The struggle to keep pace with sea level rise

Over the course of that research I also learned that some storms are so powerful that they reshape barrier islands. This redistribution of sediment can allow those barrier islands, typical of those along the eastern seaboard of the United States, a chance to keep pace with sea level rise. To see how this works, look at Figure 2, which shows how a major storm can pluck sand from the barrier island beach and deposit it in the back bay. Over time the shoreline moves inland and upland. Yet if that natural redistribution of sediment is interrupted, the barrier islands can become stranded in rising seas and starved of sediment.

Barrier Islands Migrate Upland Under Sea Level Rise

Figure 2. National Park Service figure and caption: Generalized summary of harrier island dynamics and migration (vertical scale exaggerated). Stage 1 is a hypothetical barrier island with a well-developed dune line, or series of dunes, and a forest behind. In stage 2, the sea level has risen slightly and storms have knocked the dune barrier back into the woodlands. By stage 3, much of the barrier island has been overwashed and the dunes pushed back. The marsh has grown vertically and been somewhat eroded, and some former uplands are now salt marsh as a result of sea level rise. In stage 4, the barrier has retreated considerably from its original position. Dune and overwash sand has moved completely over the old forest, which is now exposed on the ocean side. Marshes near the island interior have been covered as well. Further retreat places sand completely over the original marsh surface and into the lagoon behind, where new marshes form. At stage 6 an inlet has opened and a typical tidal delta has appeared behind it. The temporary inlet has closed in stage 7, and the tidal delta now supports salt marsh and low dunes. Overwashes have tied the marsh islands to the main barrier and have filled in the old channels in stage 8. The salt marshes are now well developed on the old tidal delta, woods have grown upon the low dunes on these marsh islands, the salt marsh fringe behind the barrier is expanding, and on the barrier itself new dune lines and woodlands have formed where only a time ago there was water.

For example, this interruption of sediment redistribution occurred on a small scale for those profiles I surveyed over parking lots or building structures that stood where dunes used to be. The damage to those structures and the loss of naturally protective landforms was accelerated, leaving the built environment even more exposed to the next storm.

Many communities along the path of Hurricane Sandy have learned these lessons as well, and have opted to place new construction behind dunes or create new dunes in front of homes, buildings and roads. A challenge remains because many buildings were built before these natural defensive options were fully appreciated. Expensive beach replenishment – over a million dollars a mile – is often the cost of living along the coast in many parts of the world, including North America. Especially for coastlines where most people live, the shoreline is prevented from migrating upland and inland. This makes the choices even harder for how to best protect lives and property under climate change that accelerates sea level rise, which in turn can enhance storm surge heights.

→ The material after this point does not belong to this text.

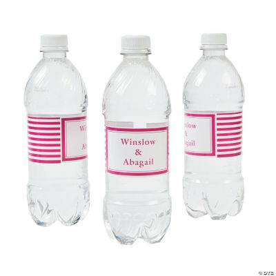 Wedding Water Bottle Labels Editable Water Bottle Template Personalized ... Item # 26343 Personalize with couple's titles, last name and date Sold in sets of 24 Labels are self-adhesive and waterproof Labels measure 8 1/2" x 2" Fits most standard 12 oz. and 16.9 oz. water bottles.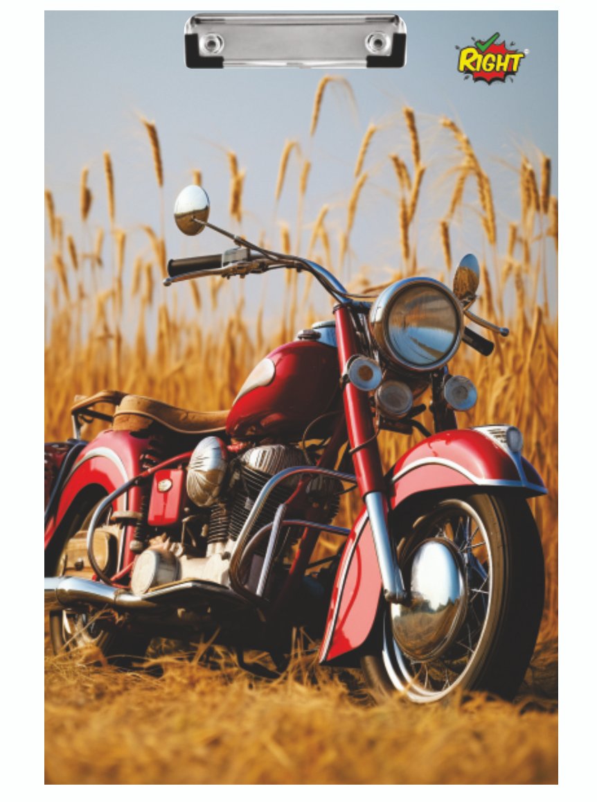 Vintage Red Motorcycle Kids Clipboard Writing Board with Classic Bike Design – Durable Study Pad Holder for School, Office, Drawing and Homework Use

The bottom line is that many of the decisions we made about building along our coasts were made before we fully appreciated the vulnerability of those shores to storms, and today our options are more limited because of those choices and because of accelerating sea-level rise. This means we have to leap-frog ahead to create coastal communities that are resilient to the storms of the coming century.

Many communities have relied on seawalls. But they can give a false sense of security. As I think about the 12 foot high wave of 10 second period that can pummel around 590,000 foot-pounds of energy per foot of wave crest, seawalls starts to seem more like my sandcastle I built as a child. Natural barriers that can move with the ocean and its waves – not hardened structures – are sometimes the better protection for people and property further inland. We all like to live near or visit the coast, and collectively we all have a stake in figuring out the best way we can protect properties and lives.